Can somone please tell me if the JDM Silvia CA18DET Turbo Motor Engine S13 is a rare engine? And, how many are there in the United States, or how would I find out this information.


----------



## Nismo240 (Jul 24, 2004)

i'm sure you can find them on JDM enigne websites, or they could find one for you.


----------



## Slayer2003 (Jun 4, 2003)

yes, they are rare, as far as i know anyway.

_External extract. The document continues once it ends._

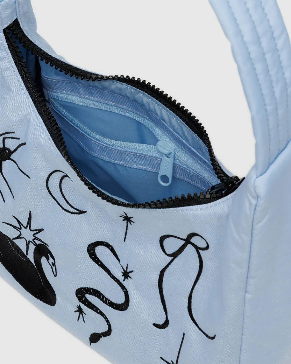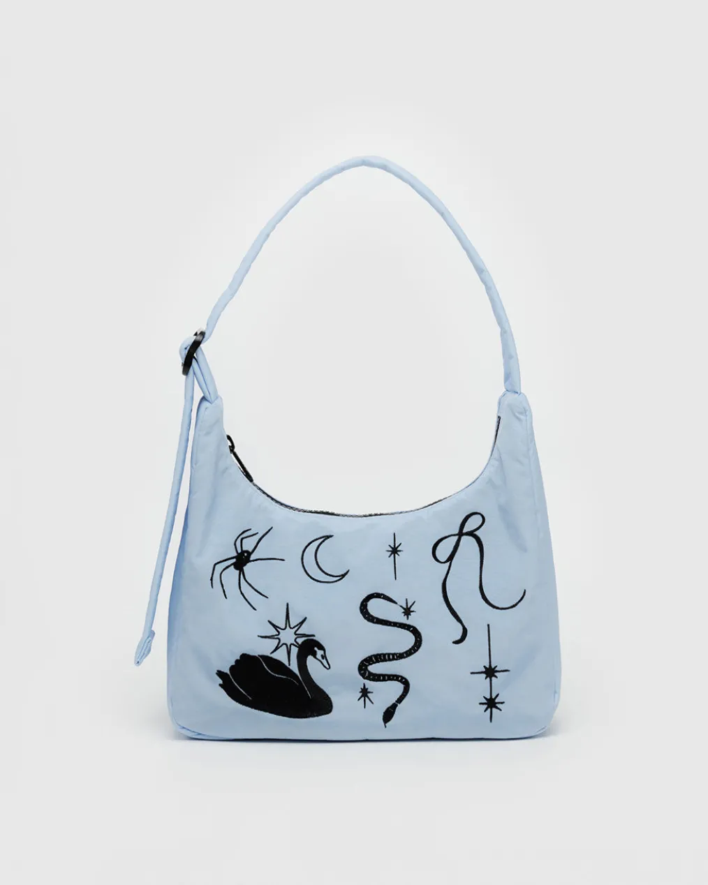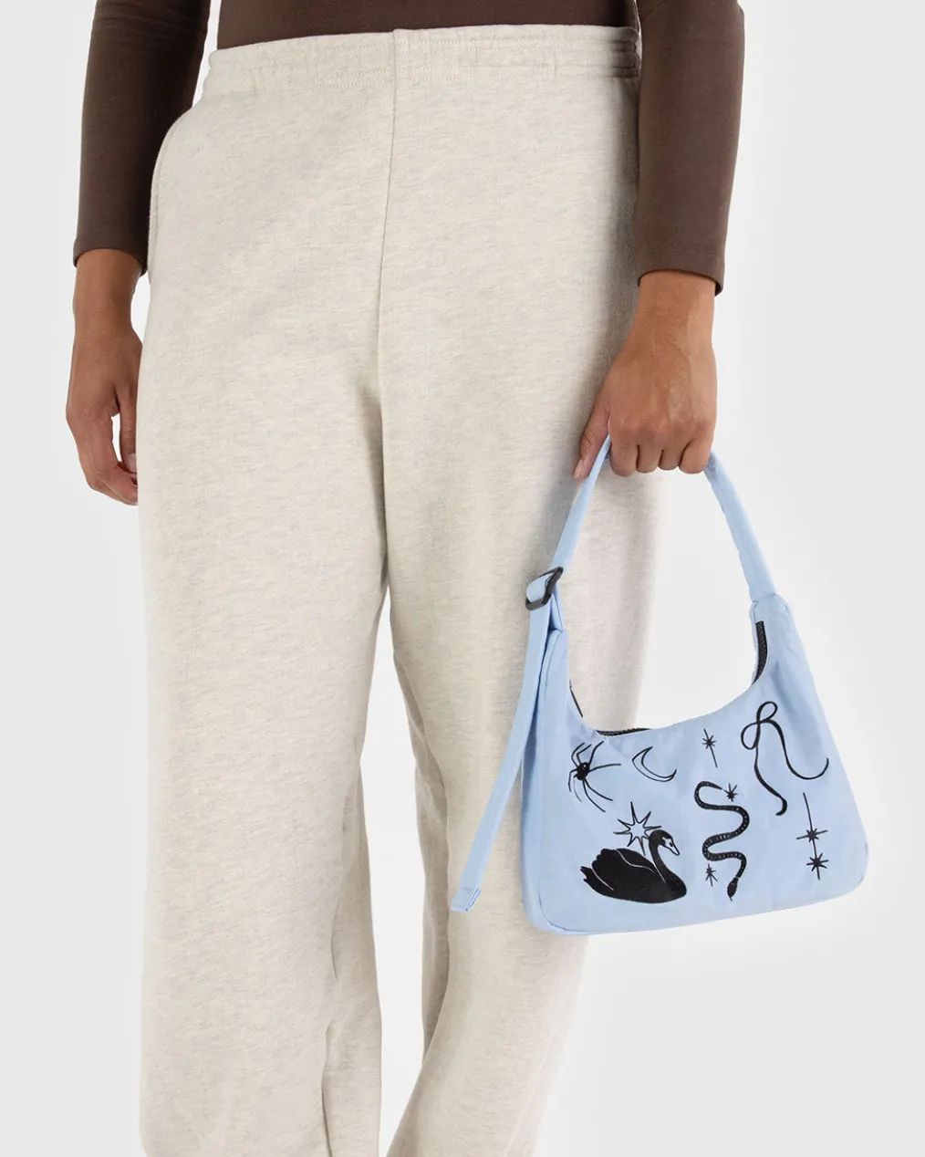 A mini version of Baggu’s new nylon shoulder bag. Slightly slouchy, slightly structured. Complete with an interior pocket so everything has a place.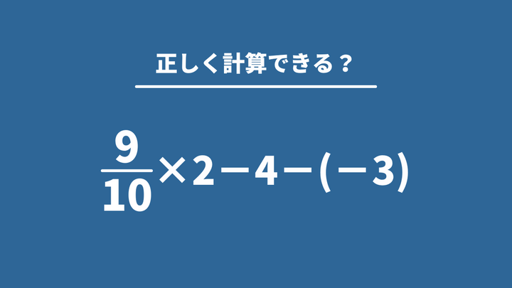 大人が意外と解けない数学「(9/10)×2−4−(−3)」→正しく計算できる?

They are HUGE over in Europe for swaps n such, but the SR series seems to be the more popular of the group, thus weighing down the CA motor, and the VE SR's.


----------



## memphis (Jun 10, 2005)

*Re: CA18DET*

A friend of mine has one in his 1991 Nissan 240SX and loves it; however, he says there are only approximately 25 to 30 of these engines in cars in the U.S. Does that sound feasible?


----------



## Slayer2003 (Jun 4, 2003)

I'd say there's alot mroe than 25-30, as I think they came in the pre-240sx's, the 200sx hatches had the ca18e or de, i forget, and i dont know if we ever got a turbo version.But I'm sure its more in the 150-200 range.

Looked around a bit, and it seems alot of the older 200sx's came with the vg30de, or a ca18de.


----------



## Crazy-Mart (Jul 14, 2002)

the older 200sx had 3 option : ca20e, vg30e and Ca18Et .. single cam 8 plug engine ... the Ca18det came from the S13 180sx... it is less popular because of its age (later engine was SR's) but it is still an engine with great potential.


----------